China unveils its tech-fueled plans for the economy. Apple tumbles after iPhone sales miss. And Hong Kong shows signs of emerging from recession.
China promised to become a technological powerhouse, emphasizing quality growth over speed as it unveiled the first glimpses of its economic plans for the next five years. Initial details released by the Communist Party’s Central Committee Thursday pledged to develop a robust domestic market and elevated China’s self-reliance in technology into a national strategic pillar. Central to that endeavor is self-reliance in chips, the building blocks for innovations from artificial intelligence to fifth-generation networking and autonomous vehicles. The communique didn’t specify the pace of growth policy makers would target. It comes just as the U.S.-China conflict over chips is about to get uglier. It’s no wonder Chinese investors now see the Sino-American feud continuing beyond the election.

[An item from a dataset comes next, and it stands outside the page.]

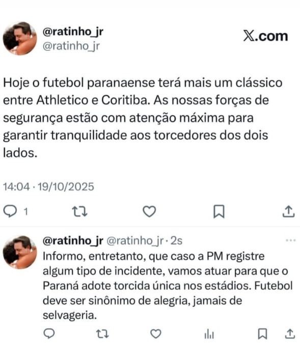 “Informo, entretanto, que caso a PM registre algum tipo de incidente, vamos atuar para que o Paraná adote torcida única nos estádios. Futebol deve ser sinônimo de alegria, jamais de selvageria”, afirmou Ratinho Junior em publicação no X (antigo Twitter).

U.S. shares fell in late U.S. trading, while Asian equities looked poised for a mixed start on Friday. The dollar and benchmark Treasury yields climbed back past 0.80%. An exchange-traded fund tracking the Nasdaq 100 fell in after-hours trading following a string of reports from Amazon.com, Facebook, Alphabet and Apple. The S&P 500 Index earlier bounced back a day after its biggest rout in four months. Elsewhere, the euro weakened after the European Central Bank paved the way for a package of fresh easing in December.